Lev and her colleagues have flown their drone over volcanic sites all over the world. Their expeditions have included scientists from NASA, because lava flows on Earth can closely resemble those on other planets, especially Mars.

“The drone gives us access to areas we just couldn’t access previously, because most volcanic terrains are very difficult or dangerous to walk on,” Lev said. “It also lets us cover a much wider area than could be achieved on foot.”

A lava flow they recently investigated at Holuhraun in the Icelandic Highlands was one of the largest ever recorded.
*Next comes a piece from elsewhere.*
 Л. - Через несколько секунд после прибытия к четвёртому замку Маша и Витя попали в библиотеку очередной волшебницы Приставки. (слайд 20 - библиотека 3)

A volcanic eruption there that began in 2014 generated a lava field more than 33 square miles large, covering a wide variety of terrain, including previous lava flows, solid bedrock, subglacial sand, a pebble-covered riverbank and a large river.

The researchers plan their missions while still in the office to ensure they have all the relevant maps available offline in the field. “We pre-program a flight plan, usually a grid, that the drone then flies automatically,” Lev said. “Because most of our targets are in remote locations, we normally download the maps and flight plans to the field tablet or smartphone ahead of time.”

The aerial photos the drone takes help the scientists classify the surfaces the lava was flowing over. They are also used to construct three-dimensional digital topography maps of the lava flows and estimate their shape and volumes.

“The reason for studying the topography of old lava flows is that it can teach us how the flow moved before it froze, and therefore how quickly the magma was erupting,” Lev said. “Previously, people had to walk and measure each block along a transect, a task that would take hours and would only sample a tiny fraction of the terrain. The drone data complements and enhances satellite-derived topography maps and images that give a wider perspective on flow field, while the drone provides the finer details.”

“For my current application, precision of around 10 centimeters in the horizontal, and about 5 centimeters in the vertical is sufficient,” Lev said. “We achieve this when we are being careful to use reliable ground control points.”

Lev and her colleagues augment their drone findings with data from ground instruments and their personal observations. For example, high-accuracy mobile GPS antennas walked along the margins of lava flows map them to a scale of less than 10 centimeters; LiDAR scanners help capture the topography of volcanic vents with millimeter resolution; thermal cameras record temperatures at cracks and hot springs; and the scientists themselves recorded characteristics of the lava flows such as their roughness and texture.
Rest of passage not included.